Pulling together the budget
Jared Thurber
Issue date: 4/28/08 Section: News
|
But the way the system worked, it never really mattered. Realistically, prior to 2007, there was no "real" budget in place to be overspent.
When a department at an institution like USM doesn't have practical, transparent accounting practices, it's prone to develop a "structural deficit," said James O'Brien, the administrative assistant for the president's office.
A structural deficit, he says, occurs when financial responsibilities of the department grow, but its budget stays the same. He gives the example of increasing pay-rates based on a 3 percent inflation rate. "You'd assume that the account that you use to pay that person would be increased to accommodate the change. That wasn't the case here."
According to O'Brien, the amount of money budgeted for the president's office remained the same from 1991 until last year. Although the president's office is but a grain of sand on the USM beach, the lack of accounting, which allowed for overspending, was symptomatic of the university as a whole.
"Under the [former] Chief Financial Officer, Sam Andrews, the strategy was spend first, we will find money later," O'Brien said. "Some departments consistently have an excess of funds at the end of the year, while others consistently overspend their budget."

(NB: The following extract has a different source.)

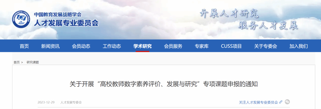 为深入贯彻落实党的二十大精神,扎实推进国家教育数字化战略行动,完善教育信息化标准体系,提升教师利用数字技术优化、创新和变革教育教学活动的意识、能力和责任,推动以教师评价改革牵引育人方式改革,中国教育发展战略学会人才发展专业委员会与北京外研在线数字科技有限公司联合设立“高校教师数字素养评价、发展与研究”专项课题,现发布课题指南和申报通知。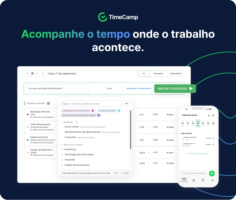 Use TimeCamp para sua empresa (www.timecamp.net.br) e baixe o APP em seu smartphone para aumentar ainda mais a experiência.

Andrews was the CFO for more than 30 years, and, according to O'Brien, "he knew where pools of money were." Money sloshed back and forth between pools to cover departments who overspent. His office, the president's office, was one of the over-spenders.
To get some perspective on this method of budgeting - which to some extent might seem reasonable to those of us who slosh money back and forth between a checking and savings account to make sure nothing bounces - we called up a few people in the financial advising business.
In regards to the old "spend first, find later" strategy, Mark Dorsett of Northeast Financial said that, "by definition, that is not a budget."
"It sounds to me like a case of poor planning, nobody seemed to be doing any accounting," said Larry Dwight, a financial advisor at Morgan Stanley & Co.
"It is best to pay as you go, put some money aside in a rainy day fund, create a budget and stick with it," he said.